Deidara escaping  under smokescreen is good but that’s not exactly what happens . C1 is an explosion and naturally will blow Sasuke back. Deidara technically isn’t escaping  by outrunning  because he isn’t being pursued at the moment. So I wouldn’t take it  as a good combat speed feat to use 

So yes I agree Hebi feat good , the context  lessens the shine. Not that I needed convincing on Deidara being faster than Sakura lol

C2 tier explosions have been tanked by snakes , and base Hebi Sasuke . Sasori is definitely surviving a blast while covered by Hiruko..
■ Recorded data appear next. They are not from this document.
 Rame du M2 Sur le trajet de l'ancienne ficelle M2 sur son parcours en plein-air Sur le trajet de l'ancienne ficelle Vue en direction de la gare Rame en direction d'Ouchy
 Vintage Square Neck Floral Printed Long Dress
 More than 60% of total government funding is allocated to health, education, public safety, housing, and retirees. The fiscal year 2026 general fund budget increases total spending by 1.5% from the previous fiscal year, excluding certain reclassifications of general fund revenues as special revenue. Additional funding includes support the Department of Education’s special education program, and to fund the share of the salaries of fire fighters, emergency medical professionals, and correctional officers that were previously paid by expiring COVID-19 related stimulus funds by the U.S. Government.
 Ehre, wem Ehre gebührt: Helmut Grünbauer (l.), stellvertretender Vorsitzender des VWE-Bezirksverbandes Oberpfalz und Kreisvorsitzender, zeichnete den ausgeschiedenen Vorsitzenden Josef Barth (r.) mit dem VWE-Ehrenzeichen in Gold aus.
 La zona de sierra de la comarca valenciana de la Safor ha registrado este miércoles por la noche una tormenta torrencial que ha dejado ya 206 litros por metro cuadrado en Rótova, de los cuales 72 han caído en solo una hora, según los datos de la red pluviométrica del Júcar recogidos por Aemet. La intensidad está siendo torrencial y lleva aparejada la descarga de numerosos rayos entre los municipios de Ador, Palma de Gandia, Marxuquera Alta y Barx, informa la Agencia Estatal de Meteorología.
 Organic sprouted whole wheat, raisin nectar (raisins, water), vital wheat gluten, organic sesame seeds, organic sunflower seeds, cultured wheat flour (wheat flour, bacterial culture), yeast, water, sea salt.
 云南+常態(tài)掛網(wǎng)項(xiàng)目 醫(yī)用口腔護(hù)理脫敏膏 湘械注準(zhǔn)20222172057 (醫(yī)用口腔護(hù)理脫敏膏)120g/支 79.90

This being said I’m convinced Deidara deals with Satetsu well if he gets into the air. Barring any counters you have I’m open to moving on to the Mid portion of the fight

Reactions: Like 1


----------



## Stonaem (Feb 25, 2021)

No word limit . . . 

But NO RESPONSES ALLOWED either. Cover everything in one post then move on

Reactions: Creative 3


----------



## Aegon Targaryen (Feb 25, 2021)

Grinningfox said:


> Counters
> 
> Hebi Sasuke  wanted to capture an Akatsuki member for interrogation and so only definitely attacked Tobi the first blitz attempt
> 
> ...



1. Deidara still dodged the second time, fair and square. Lack of KI doesn't make Sasuke slower when he's still willing to attack and take Deidara hostage.

2. Agree that Deidara couldn't outrun or evade him forever. Obito warning him balances out Obito distracting him in the first place and Sasori's Satetsu happens to be slower than BOS Sasuke who is even slower than Hebi Sasuke so this means nothing. 
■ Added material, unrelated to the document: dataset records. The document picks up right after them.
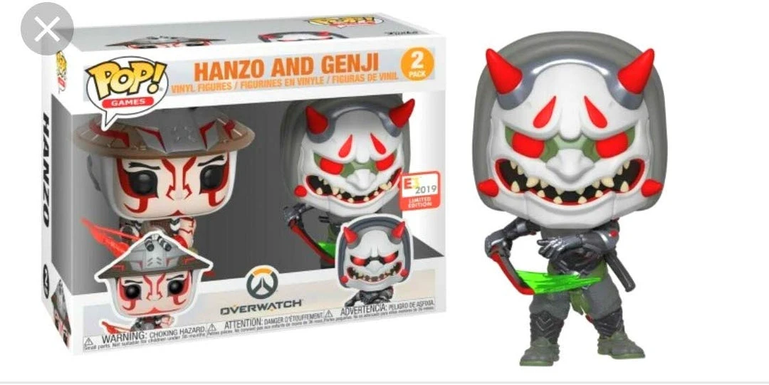 Overwatch Funko POP! Games Hanzo & Genji Exclusive Vinyl Figure This E3 2019 exclusive two-pack shows the Shimada brothers facing off in combat, with Oni Genji performing a Swift Strike while Kabuki Hanzo lunges into the fray.
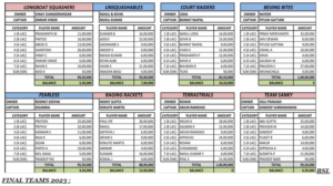 The excitement surrounding Bangalore Squash League 2023 continues to build as the player auction is scheduled for June 2nd, Friday, at the Karnataka Badminton Association (KBA). A total of 120 players will go under the hammer, with 64 talented individuals being selected to join the teams. Each team will consist of eight players, including a substitute, ensuring intense competition and strategic gameplay throughout the league.
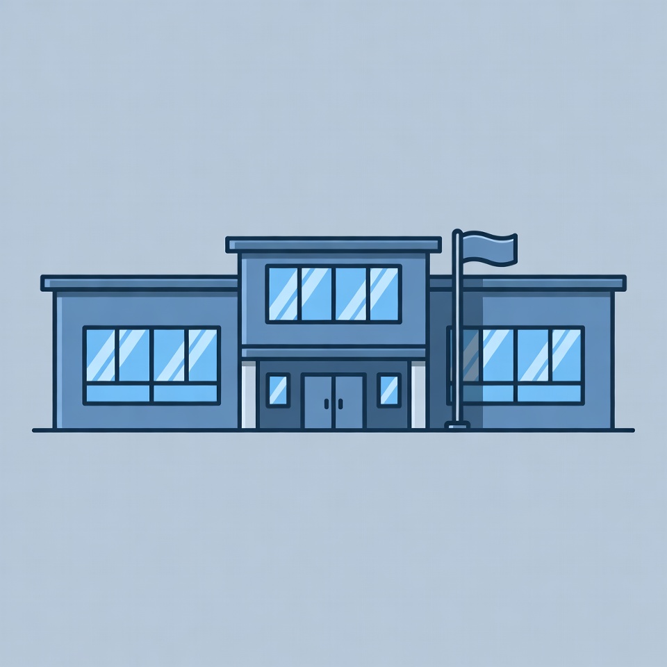 blue, building, clipart, educational building, entrance doors, flag, flagpole, flat roof, glass windows, illustration, institution, isolated background, line art, minimalistic, modern architecture, outline drawing, school, symmetric design, vector art, school building

If Deidara can physically react to or dodge Hebi, he can handle Satetsu.

3. Pretty sure it was escaping under a smokescreen. He even states he was hidden by the bomb blast.

4. The point is not being faster than Sakura but rather that Deidara can comfortably handle Sasori's attack speed on its own.

5. That was C1. C2, Deidara's biggest one, took out Hebi Sasuke's Sage Transformation-amped wing. Hiruko gets blown sky high. Hiruko got destroyed by a punch from Sakura which has less DC than Deidara's big C2. Deidara can barrage Sasori with bombs to kill him too.

6. He can deal with it even if he's on land, and he can get into the air. Sure, let's move to mid.

Reactions: Optimistic 1


----------



## LostSelf (Feb 28, 2021)

With some tweaks this could be pretty cool. But if the debate has many points in it, it could end up being far larger than a custom one. I think we can get into something with this either as a new debate style or a debate competition where one has X amount of posts to prove a stablished point (For instance, Kakashi being Sannin level or Jiraiya beating Itachi), and the one defending the point should try to prove it down.

Instead of two guys putting up to 10 points, one stablishes a point and the other has x amount of tries to dismantle it. Might not be too different to the original idea, however.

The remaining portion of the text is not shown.